Q&A with Maresa Ponitch of Dusty Rose Vintage

Photo: Greenpointers.com/

Photo: Greenpointers.com/

When you step into Maresa Ponitch’s Dusty Rose Vintage shop in Greenpoint, Brooklyn you’ll feel like a kid stepping into an amazingly stocked candy store. Towards the front of the store are curated collections that have been carefully picked and merchandised for shoppers. The majority of the store space is filled with bins upon bins that are stuffed to capacity with clothing and accessories. If you are a more ambitious shopper you are welcomed to dive right on in, climb a ladder and submerge yourself into pounds of denim. We were also lucky enough to talk to Maresa about Dusty Rose and all things vintage!

What’s the brief Dusty Rose timeline?
I started a shop on Etsy in 2008 while I was still wholesaling elsewhere. Then I started wholesaling for myself in Brooklyn, first at a different location, and when I settled in at my new place and launched permanent public hours I expanded the name to include all aspects of the business (wholesale, retail, events, etc)

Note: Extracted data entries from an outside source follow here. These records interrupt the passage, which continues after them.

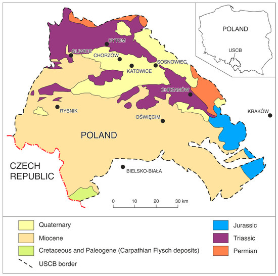 The oldest rocks in the overburden of the productive Carboniferous formation in the USCB are Permian sediments composed of calcareous conglomerates, melaphyrs, porphyrs, red sandstones, and clays. They fill depressions in the Carboniferous formation and are covered by Triassic and Jurassic sediments. The Triassic is developed in the bottom part as poorly consolidated sandstones and gravelly deposits, transitioning upwards into the marls and dolomites of the Rhaetian and then into the limestones and dolomites of the Middle Triassic [45]. The Upper Triassic is primarily composed of clayey rocks with occasional intercalations of limestones and sandstones. The lower part of the Jurassic consists of locally occurring kaolinitic clays from the Lower Jurassic. Above them, there are marls and sandstones of the Dogger, covered by carbonate formations of the Upper Jurassic [41] (Figure 2).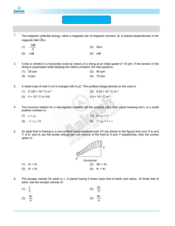 The magnetic potential energy, when a magnetic bar of magnetic moment \( \mathbf{m} \) is placed perpendicular to the magnetic field \( \mathbf{B} \), is: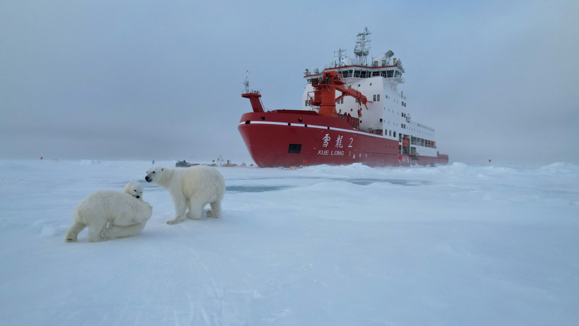 8月30日夜,在距離中國(guó)第15次北冰洋科學(xué)考察隊(duì)長(zhǎng)期冰站作業(yè)結(jié)束還剩一天時(shí),一只北極熊媽媽帶著兩只熊寶寶出現(xiàn)在了考察隊(duì)員搭乘的“雪龍2”號(hào)極地科考破冰船船邊。

What’re the most popular items purchased from Dusty Rose?
Tough call. Definitely the basics – tees, flannel, jeans. What has really been making me happy is my customers that purchase the stuff at retail prices at the front and then go in for a dig in the wholesale area for a bargain. It shows me that this town has lots of sophisticated shoppers that understand why some things are more valuable than others and embrace both. I’m a huge fan of mixing high and low so these people feel like part of my tribe.

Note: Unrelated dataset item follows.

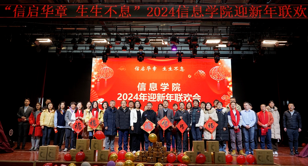 年年辞旧不忘初心,岁岁迎新砥砺前行。1月5日下午,信息学院2023年度工作总结表彰大会暨“信启华章生生不息”2024年新年联欢会在学生服务楼四层隆重举行。校党委副书记史贞军、科研院院长李全明、学工部部长孙宗瑞等领导出席本次活动。校党委副书记史贞军致新年贺辞。他代表学校向全院教师送去新春的祝福,并对大家一年来全体教职工为学校各项工作的辛勤付出表示感谢。他充分肯定了学院过去一年工作中所取得的各项成绩,并一一...

Photo: Dustyrosevintage.com

Photo: Dustyrosevintage.com

Has there ever been anything you ended up not wanting to get rid of? And kept for yourself?
I’ve been trying to practice a “catch and release” system since I have a typical NY closet and don’t have the space to hoard. So this allows me to play with something a few times and then give it back.

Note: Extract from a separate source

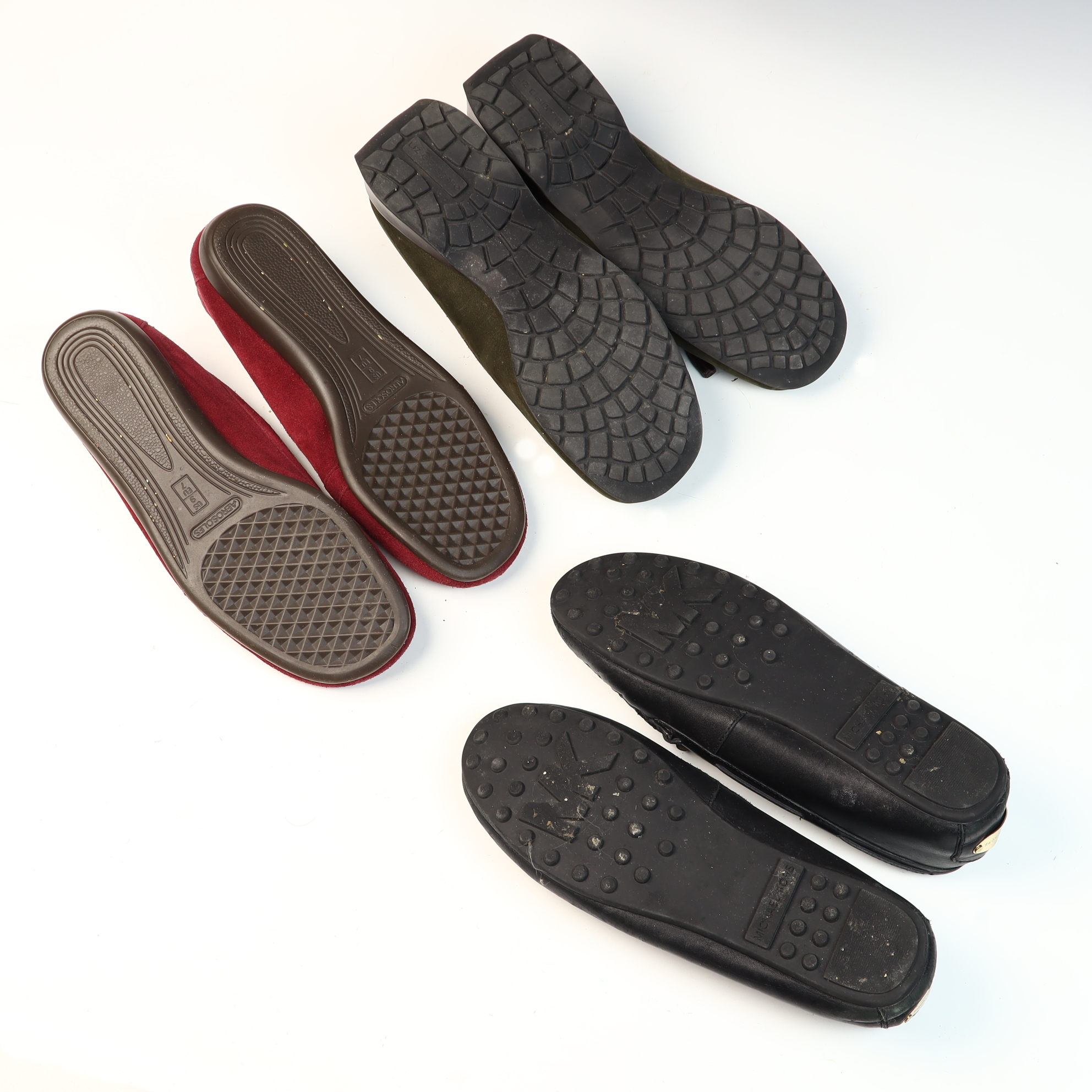 All items are in pre-owned condition. The Michael Kors leather uppers show minor creasing, while the rubber outsoles show moderate wear and smoothing to the nubs at the heel and toe. The Aerosoles suede uppers show light general wear, and the outsoles show moderate wear to the tread. The Liz Claiborne suede uppers show rubbing and light wear, with moderate wear to the outsoles, particularly at the heels. No original packaging or dust bags are included.

What’s the big trend right now based off of what you see your customers buying?
A lot of my clients are European so what I sell wholesale is way different than what I sell to the public shopping for themselves. I’m definitely seeing the “normcore” thing with the local public. Lots of late 90s style beanies, solid colors, ribbed sweaters… stuff I would have never bought 18 months ago. I love that I have to be ahead of the trends in order to get the right stuff in. It keeps me on my toes. But I also love that my customers have such diverse personal style that everything sells. Watching people shop in an environment that has not been curated by style or colorway or any of the other ways that the retail experience is usually spelled out is a truly fascinating thing. I am moved by people’s self presentation decisions, so it’s really cool to see how they zone in on what they want in a sea of options.

Photo: Timeout.com

Photo: Timeout.com

Can you share with us some of your favorite places to shop (vintage or not)?
I’ve been a dedicated fan of Muji socks since living in Japan in 2001. Random but true. I also love About Glamour in Williamsburg for my Japanese nostalgia cravings – they carry lots of gently used Japanese brands that I love. I like The One Well down the street from my warehouse for an unexpected selection of local and eco products that I’m not cool enough to know about. The best vintage store in the city is Ten Foot Single. No contest.

What would be the next step for Dusty Rose?
There are a few. I want to continue hosting pop-ups because I recognize what a privilege it is to be able work with the heaps of talented people in this city. I’ve been wholesaling for almost a decade so it feels really good to branch out into more event based stuff in the warehouse like classes and launch parties and interactive engagement. I will also devote some more energy to a reconstructed vintage line (both clothing and home goods). This is something I got started with at Urban Outfitters ten years ago and I’ve always really loved it. And in the next few years I’ll be exploring some options upstate. I’d love to have a satellite operation in a giant barn that could accommodate the wholesale as well as events for all of the people who are fleeing Brooklyn and need fun things to do up there.